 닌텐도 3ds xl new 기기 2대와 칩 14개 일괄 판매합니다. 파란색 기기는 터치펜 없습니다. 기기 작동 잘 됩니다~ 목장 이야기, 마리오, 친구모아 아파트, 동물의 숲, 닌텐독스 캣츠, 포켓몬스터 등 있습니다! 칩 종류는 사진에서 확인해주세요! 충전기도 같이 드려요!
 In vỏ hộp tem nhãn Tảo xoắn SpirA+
...
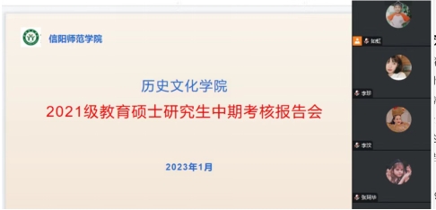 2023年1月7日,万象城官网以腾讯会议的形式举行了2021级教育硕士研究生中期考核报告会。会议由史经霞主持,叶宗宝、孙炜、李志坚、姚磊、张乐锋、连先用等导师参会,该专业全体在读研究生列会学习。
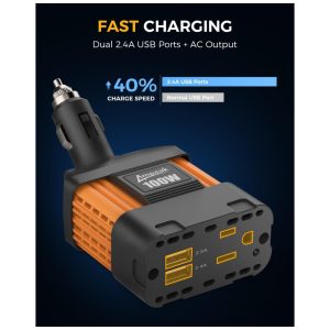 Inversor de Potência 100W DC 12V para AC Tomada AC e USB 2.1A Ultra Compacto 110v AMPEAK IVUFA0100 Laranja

* [Exercise instructions]:
Only one stretch of the data is wanted: write out exactly the lines from the one holding "2023年1月7日,万象城官" through the one holding "Inversor de Potência", both included, without the pictures.

* [Response box]:
 2023年1月7日,万象城官网以腾讯会议的形式举行了2021级教育硕士研究生中期考核报告会。会议由史经霞主持,叶宗宝、孙炜、李志坚、姚磊、张乐锋、连先用等导师参会,该专业全体在读研究生列会学习。
 Inversor de Potência 100W DC 12V para AC Tomada AC e USB 2.1A Ultra Compacto 110v AMPEAK IVUFA0100 Laranja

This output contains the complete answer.